We use the red wine data to examine the computational time of the functions in our package. Table 3 presents the comparison, where the column (n = 1597) corresponds to the real data, and the other columns (n = 3000, 6000, 12000) are based on pseudo-real data sets generated by randomly sampling more rows from the real data. The numbers are the average running time in seconds over 10 times of repetition on an Apple Macbook Pro Max with the M1 Max CPU. The upper panel of Table 3 shows if only a point estimate of the surrogate ${R^{2}}$ is needed, our surr_rsq() function takes almost no time to provide the result (e.g., merely 0.213 seconds when $n=12000$). However, the bottom panel of Table 3 shows if confidence intervals are wanted, our surr_rsq_ci() function takes longer time with one core of CPU (e.g., 1421 seconds = 23.6 minutes when $n=12000$). Given that a CPU with 6 10 cores is quite common nowadays, we recommend using parallel computing aforementioned. It reduces the computing time to 211.93 seconds = 3.5 minutes when $n=12000$.
Table 3
Computational time estimates of the functions in SurrogateRsq package. The presented numbers in the table are the average time in seconds over 10 times of repetition for these scenarios using an Apple M1 Max Chip with 10 cores and a clock rate of 2.06 ∼ 3.22 GHz. Note: The asym and parallel options are the arguments controlling the asymptotic version of surrogate ${R^{2}}$ and the parallel computing introduced in Section 3.

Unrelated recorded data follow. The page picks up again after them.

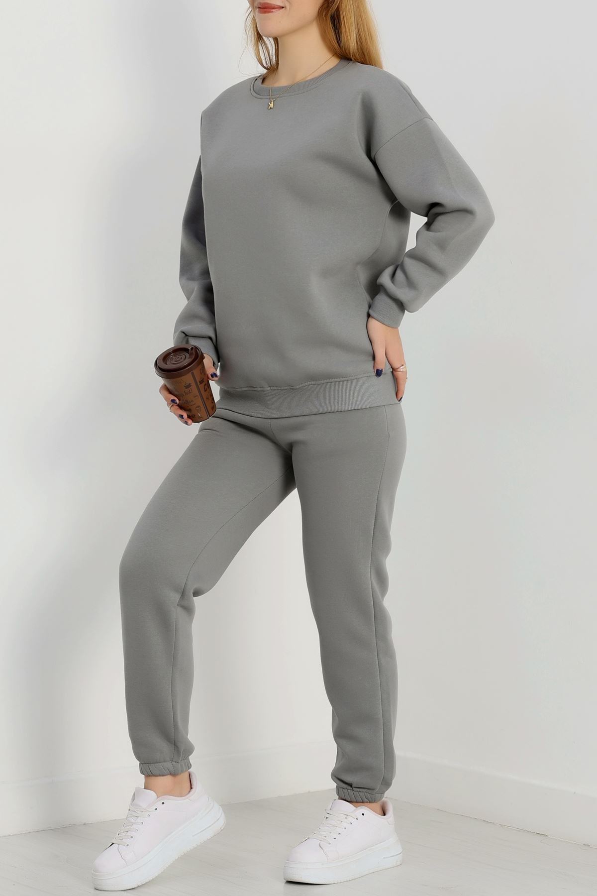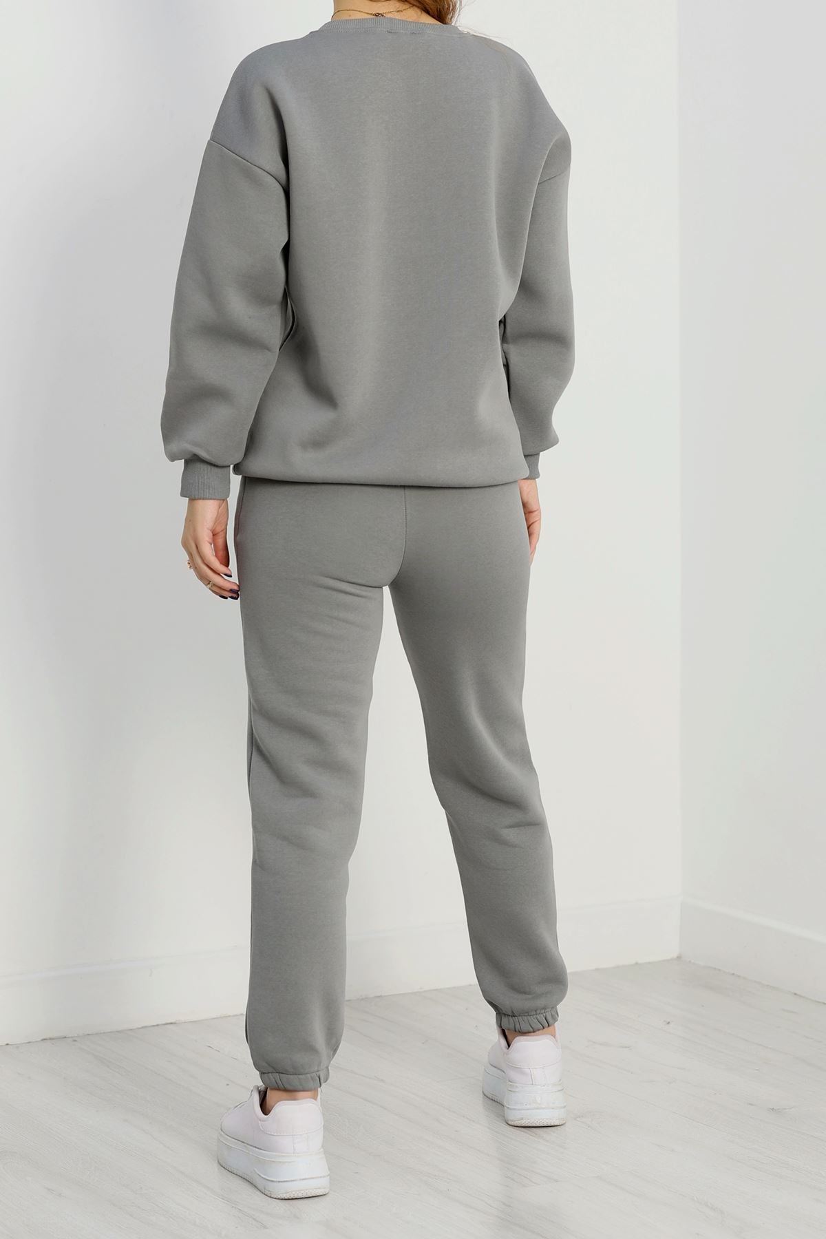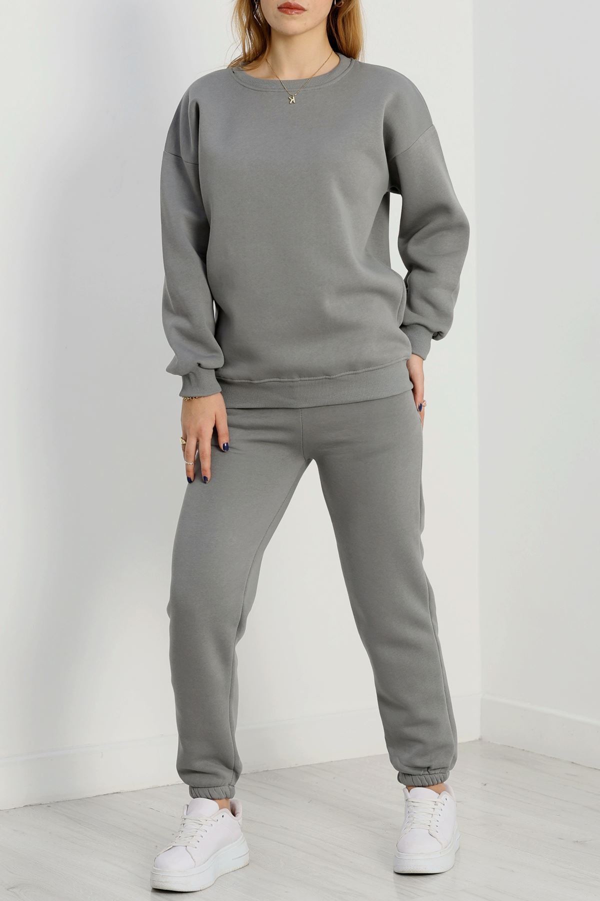 3 İplik Bisiklet Yaka Eşofman Takımı Antrasit - 20779.1878.
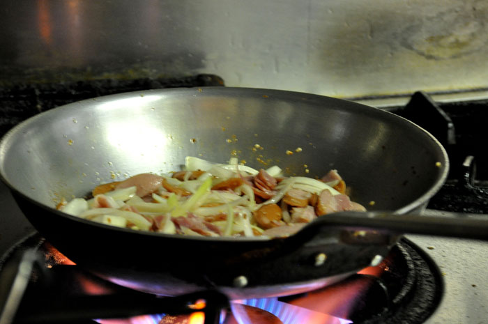 カンカンに温めたフライパンにオリーブオイルをたっぷりひき、ウインナー、ベーコン、えび、玉ねぎ、ズッキーニ、きのこなどの具を順に火を通す。
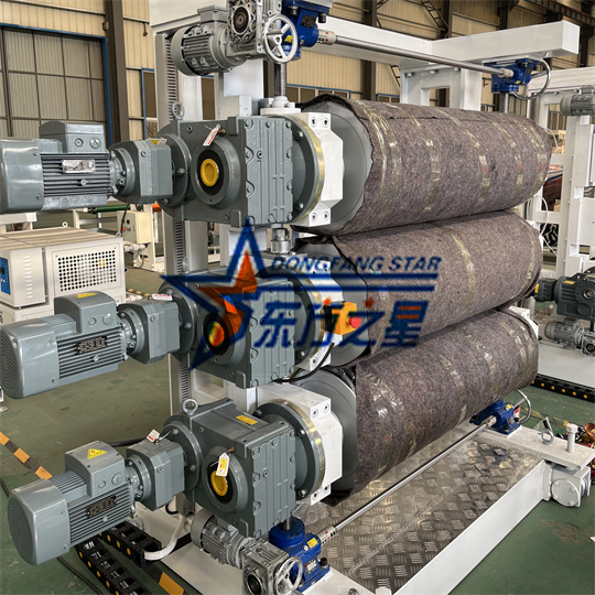Der wichtigste Teil der Schildkrötenmustermaschine für Weich-PVC-Plattenextruder ist die Dreiwalzenformmaschine, die über zwei glatte Walzen und eine Schildpattwalze in der Mitte verfügt. Die Verarbeitungsverfahren der Schildpattwalze umfassen: Grobdrehen, dynamisches Auswuchten, Feindrehen, Schleifen, Galvanisieren, Gravieren, Mattieren und feines Spiegelschleifen. Die Zeit zum Gravieren der Walze ist relativ lang, daher ist der Lieferzyklus der gesamten Ausrüstung relativ lang. Hersteller, die Schildpattausrüstung verarbeiten und anpassen müssen, müssen Bestellungen im Voraus aufgeben.
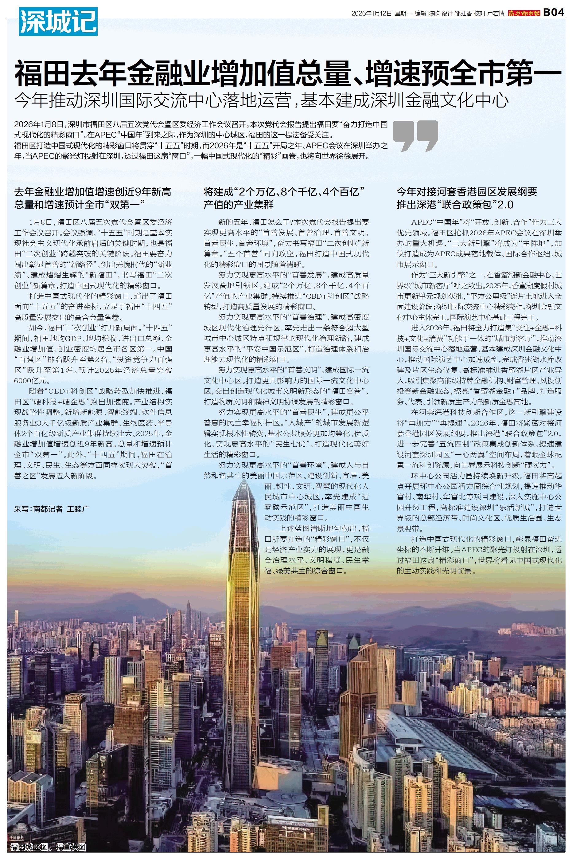 2026年1月8日,深圳市福田区八届五次党代会暨区委经济工作会议召开。本次党代会报告提出福田要“奋力打造中国式现代化的精彩窗口”。在APEC“中国年”到来之际,作为深圳的中心城区,福田的这一提法备

| Function: surr_rsq() | n=1,597 | n=3,000 | n=6,000 | n=12,000 |
| avg.num = 30 | 0.048 | 0.067 | 0.123 | 0.213 |
| asym = TRUE | 0.001 | 0.002 | 0.004 | 0.007 |
| Function: surr_rsq_ci(B = 2000) | ||||
| avg.num = 30, parallel = FALSE | 241.95 | 403.73 | 777.29 | 1421.41 |
| asym = TRUE, parallel = FALSE | 149.40 | 258.97 | 528.27 | 977.23 |
| avg.num = 30, parallel = TRUE | 35.68 | 60.17 | 116.40 | 211.93 |
| asym = TRUE, parallel = TRUE | 21.54 | 35.85 | 118.11 | 144.95 |
If software developers want to build or modify this package for their specific scientific inquiries, they can modify one or all of the three components of our package. First, what we really need as an input for the functions in our $\mathbf{SurrogateRsq}$ package is the fitted model from another model training package (e.g., glm(), polr()). Software developers can replace the object with the model of their interest. For example, this surrogate ${R^{2}}$ approach may still work for the discrete choice models studied by [8]. Second, depending on the form of the model, software developers can choose or modify what distribution to use for simulating the surrogate response. Third, once the surrogate responses are available, one can follow the inference procedures discussed in our paper and tailor them to meet specific needs.